In the answer, give the entries below exactly, from the first line through the line with "Η Ελλάδα είχε", with every picture omitted.

▶ **Saved data entries**:
------------------------------------------------------------------------

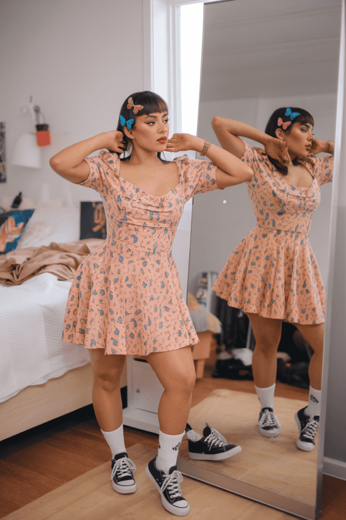 Pair with a choker necklace—maybe black or lace for that classic edge. Boots or strappy heels finish it off. Couldn’t be easier, honestly.
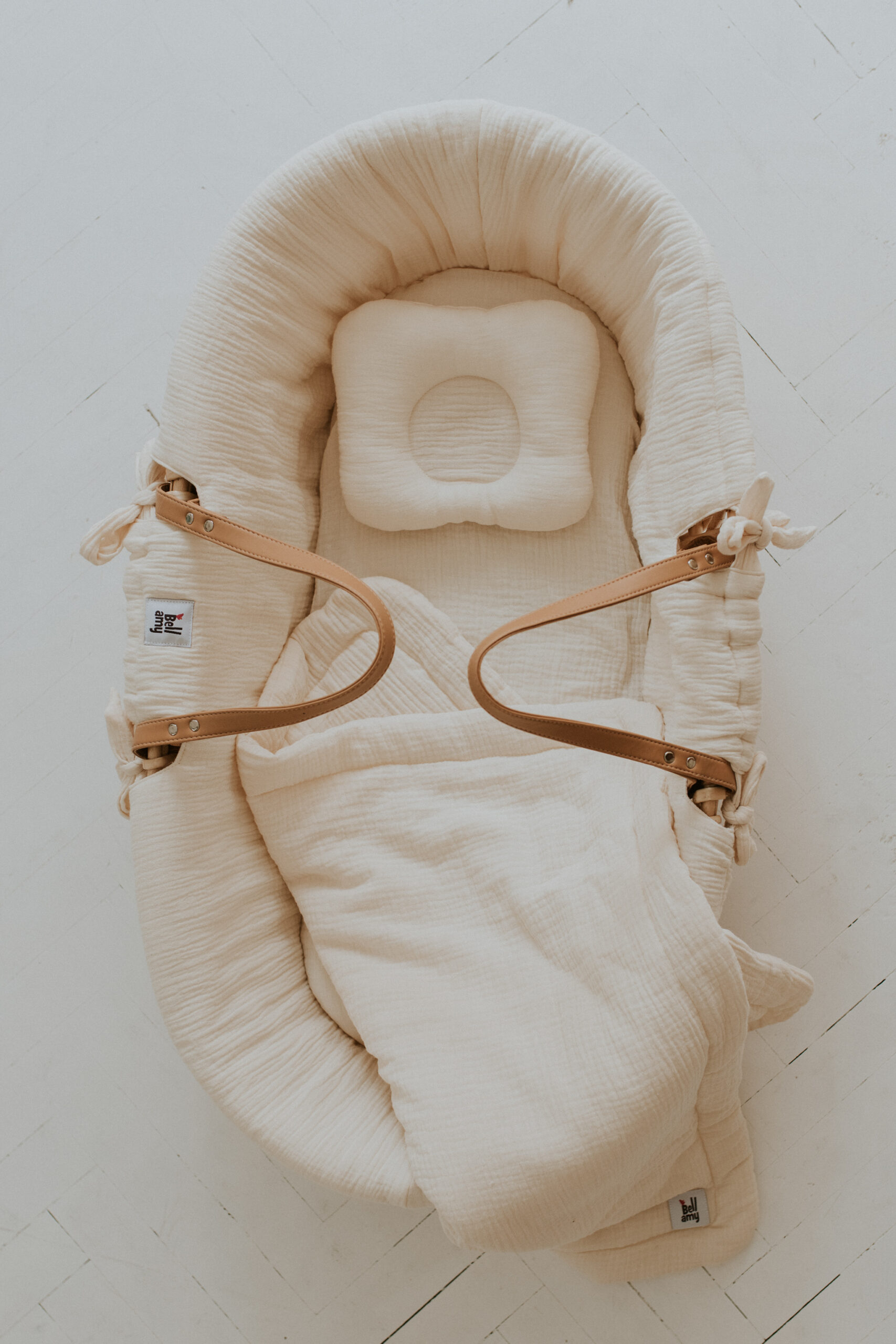 Komplektą sudaro patalynė su užpildu, paklodė bei pagalvėlė su specialia įduba galvai.
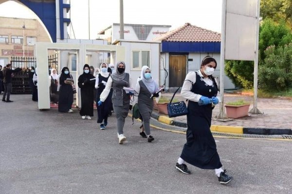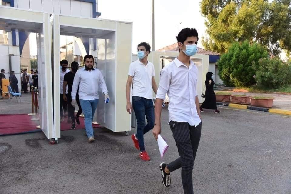 بالصور.. الاجراءات الصحية في اليوم الاول من امتحانات السادس اعدادي
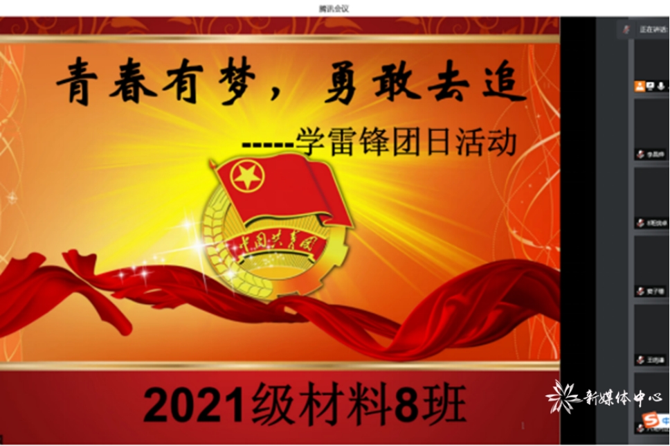 322日晚上9时,材料科学与工程学院2021级材料8班以腾讯会议顺利举办“青春有梦,勇敢去追”学雷锋线上团日活动。本次团会由团支书窦雨晴主持,班级全体同学参加。会上同学们对雷锋事迹进行了了解和学习观看了雷锋生前有关录像,收听了雷锋慷慨激昂的录音,以此来感受榜样的力量。在活动中,同学们互相学习与分享,更好地学习了雷锋精神。
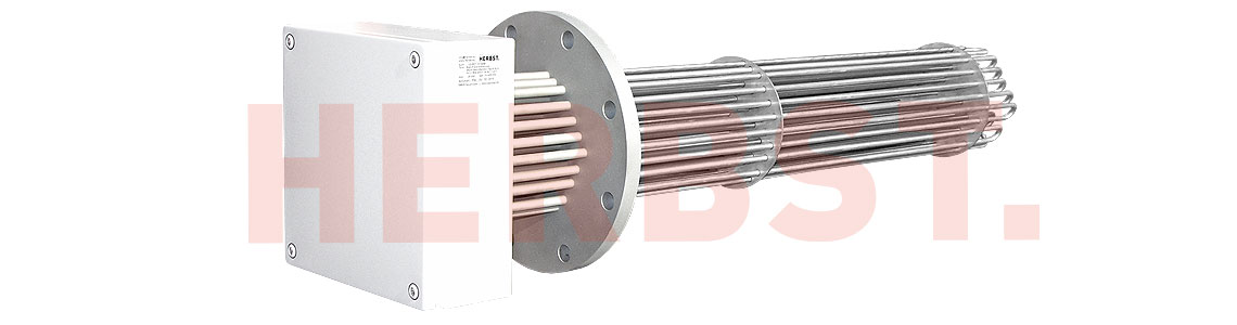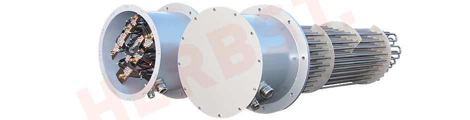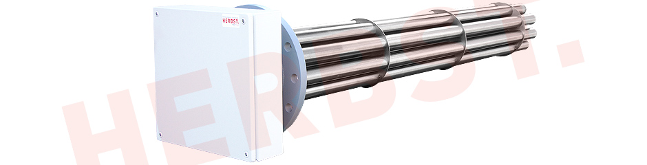 Electric process heaters with 80 kW output and an immersion depth of 1100 mm. The process heaters are resistant to lyes and alkalis and preheat a tank with respective liquid. All electrical connections for operation are located in the welded on steel housing.
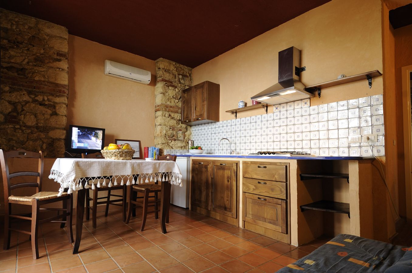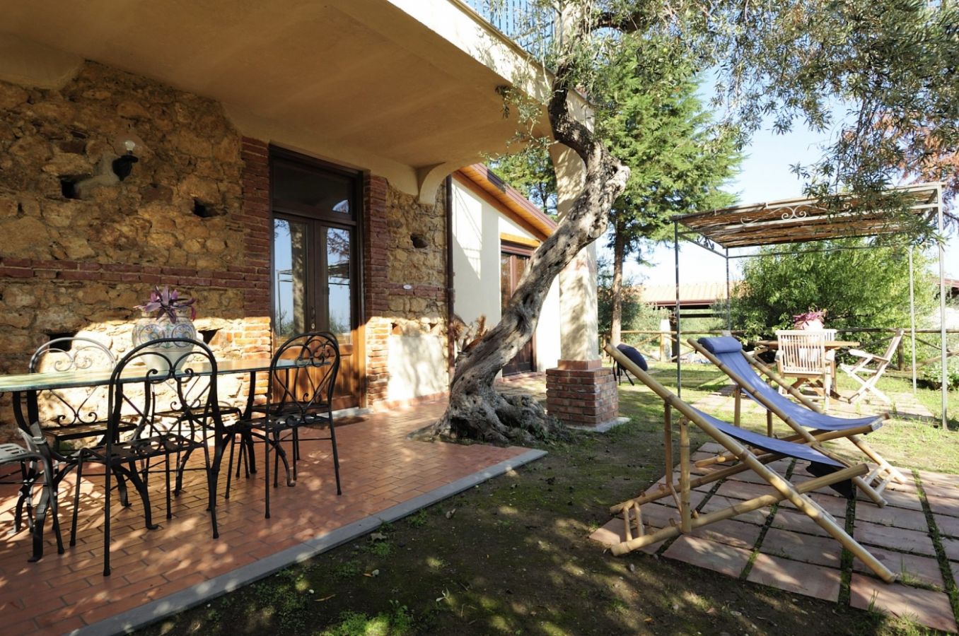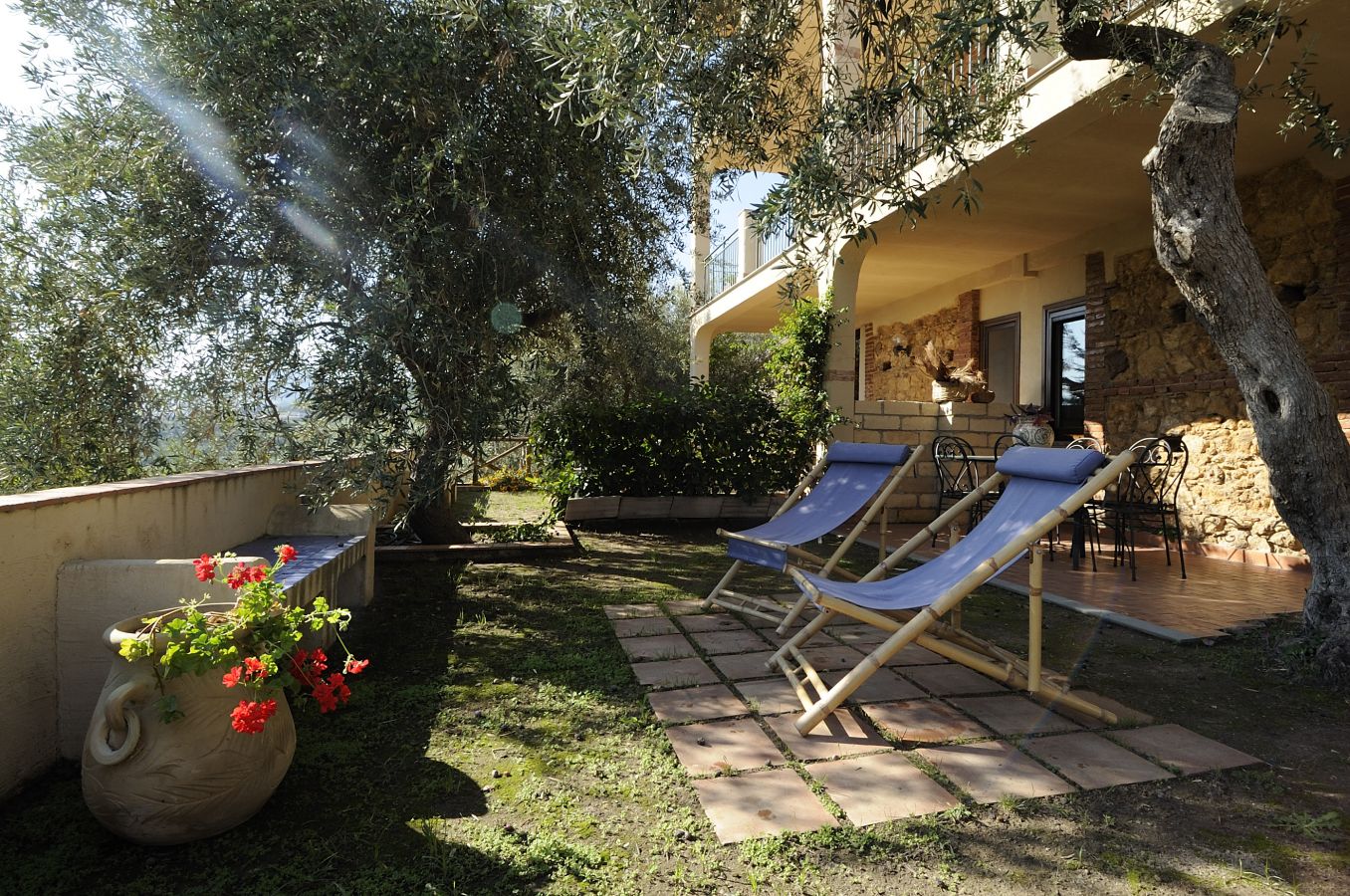 - Torretta (100 m²) per 4+2 persone; trilocale al secondo piano con ampio living con divano letto doppio e cucina attrezzata, una camera da letto matrimoniale, una camera doppia, un bagno con doccia; terrazzo attrezzato con pergolato e ampia veduta sulla vallata e sul mare
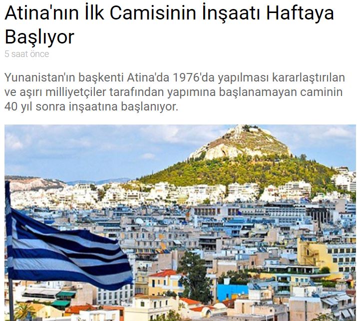 Η Ελλάδα είχε συμφωνήσει από το 1976 να κατασκευασθεί στην Αθήνα ένα τζαμί, αλλά εδώ και 40 χρόνια δεν είχε ξεκινήσει η κατασκευή του εξαιτίας των ακροδεξιών, γράφει τούρκικο δημοσίευμα.
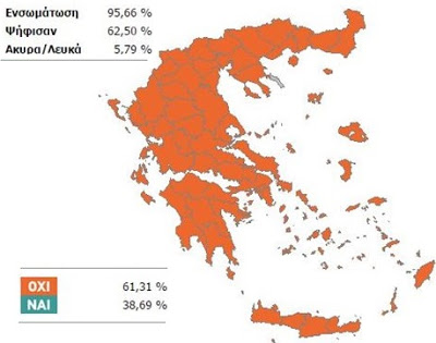 Ο ελληνικός λαός, που γνωρίζει ότι οι εκπρόσωποι του παλαιοκομματισμού οδήγησαν τα πράγματα στο αδιέξοδο, προσέθεσε αρκετούς πόντους στο ΟΧΙ με στόχο να ξεκαθαρίσει το τοπίο τόσο στην πολιτική σκηνή, όσο και στα media. Τα πρόσωπα του Κώστα Σημίτη, του Κωνσταντίνου Μητσοτάκη, του Σάκη Ρουβά, του Γιώργου Παπανδρέου και άλλων πολλών παρόμοιων φάνηκαν περισσότερο απεχθή από τις αοριστίες του Αλέξη Τσίπρα για την επόμενη ημέρα και τα αυτάρεσκα νάζια του εξασφαλισμένου (στο εξωτερικό) Γιάννη Βαρουφάκη, που θεωρεί «ανάρμοστο» να στέκεται στις ουρές των ΑΤΜ.
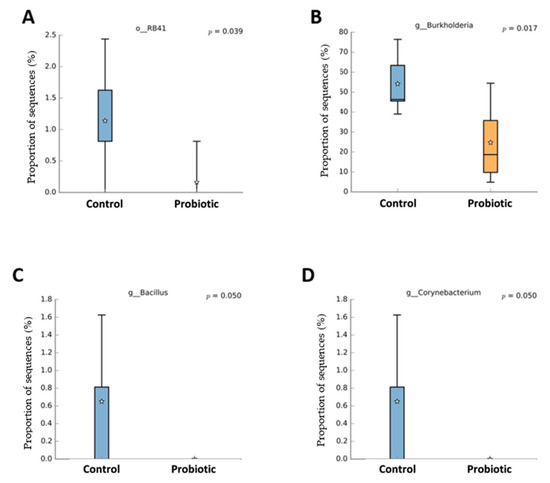 Taxa with significant difference (p < 0.05) between laying hens fed a control diet or supplemented with a multi-species probiotic 1. 1 Box diagrams represent the median of the samples as a line, the mean as a star, and the 25th and 75th percentiles as the upper and lower lines of the box. The bars indicate the most extreme data points within 1.5 * (75th–25th percentile) of the median. Data points outside the bars are shown as ‘*’. (A) Relative abundance of the bacterial order RB41 was significantly reduced in the probiotic group compared to the control (p = 0.039). (B) The genus Burkholderia showed a significantly lower abundance in the probiotic group (p = 0.017). (C) The genus Bacillus was only detected in the control group, with a borderline significant difference (p = 0.050). (D) Similar to Bacillus, the genus Corynebacterium was present in the control group but nearly absent in the probiotic group (p = 0.050).
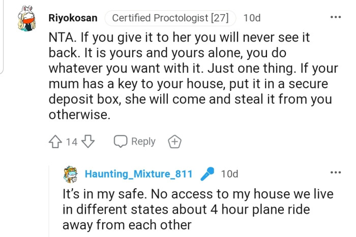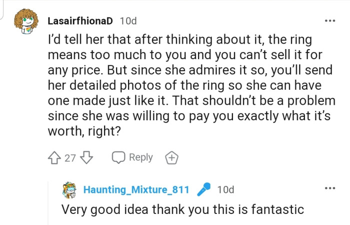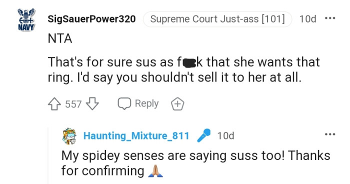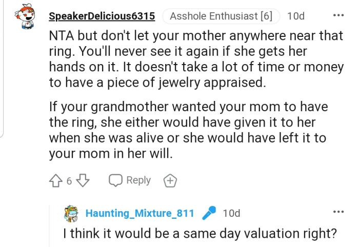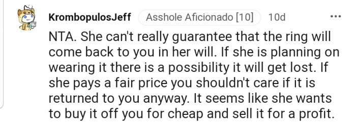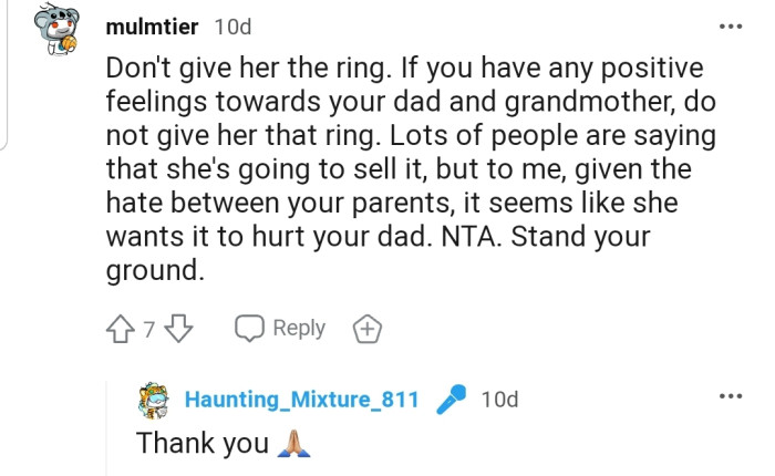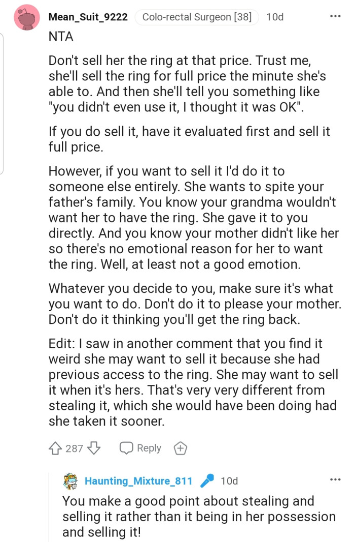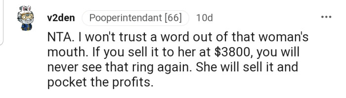 The commenters believe OP is NTA, a sentiment they didn’t extend to her mother. Many people have warned OP that her mother might be planning to sell the ring for the market value immediately after she gets her hands on it.
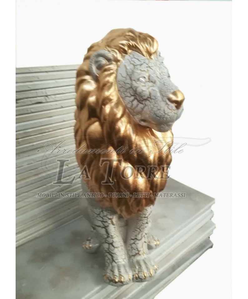Lion sculpture statue with closed mouth gold ivory cracklé swarovski ceramic h90 cm PR23
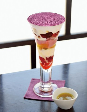 紫芋のティラミス、金時芋の甘露煮、林檎のグラニテと、秋の味覚がつまった逸品。自家製紅茶ゼリーにお芋の甘味と林檎の酸味が絶妙なマリアージュとなっております。
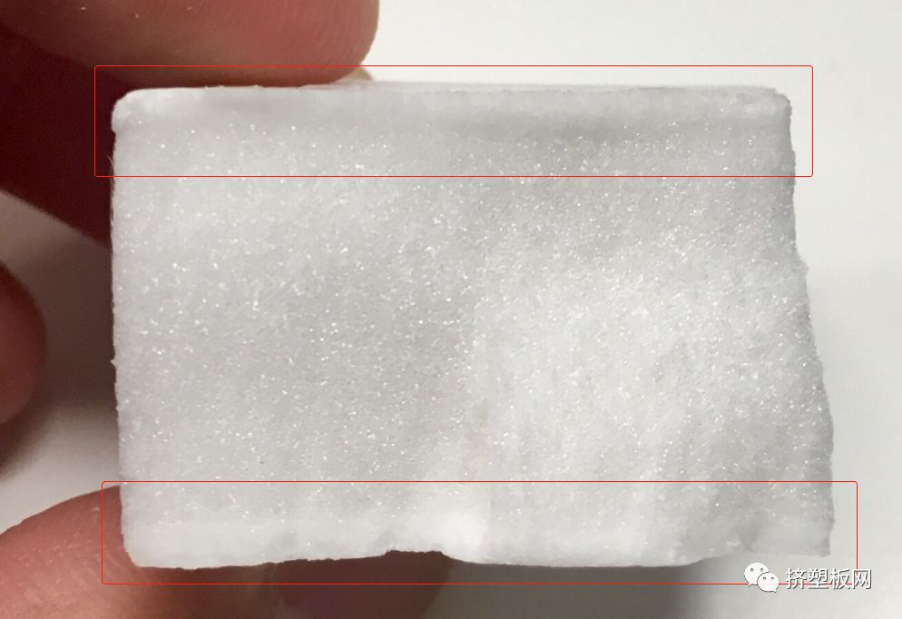 无水晶反光,说明二氧化碳挤塑板的泡孔更细腻。

------------------------------------------------------------------------

▶ **Task output**:
 Pair with a choker necklace—maybe black or lace for that classic edge. Boots or strappy heels finish it off. Couldn’t be easier, honestly.
 Komplektą sudaro patalynė su užpildu, paklodė bei pagalvėlė su specialia įduba galvai.
 بالصور.. الاجراءات الصحية في اليوم الاول من امتحانات السادس اعدادي
 322日晚上9时,材料科学与工程学院2021级材料8班以腾讯会议顺利举办“青春有梦,勇敢去追”学雷锋线上团日活动。本次团会由团支书窦雨晴主持,班级全体同学参加。会上同学们对雷锋事迹进行了了解和学习观看了雷锋生前有关录像,收听了雷锋慷慨激昂的录音,以此来感受榜样的力量。在活动中,同学们互相学习与分享,更好地学习了雷锋精神。
 Electric process heaters with 80 kW output and an immersion depth of 1100 mm. The process heaters are resistant to lyes and alkalis and preheat a tank with respective liquid. All electrical connections for operation are located in the welded on steel housing.
 - Torretta (100 m²) per 4+2 persone; trilocale al secondo piano con ampio living con divano letto doppio e cucina attrezzata, una camera da letto matrimoniale, una camera doppia, un bagno con doccia; terrazzo attrezzato con pergolato e ampia veduta sulla vallata e sul mare
 Η Ελλάδα είχε συμφωνήσει από το 1976 να κατασκευασθεί στην Αθήνα ένα τζαμί, αλλά εδώ και 40 χρόνια δεν είχε ξεκινήσει η κατασκευή του εξαιτίας των ακροδεξιών, γράφει τούρκικο δημοσίευμα.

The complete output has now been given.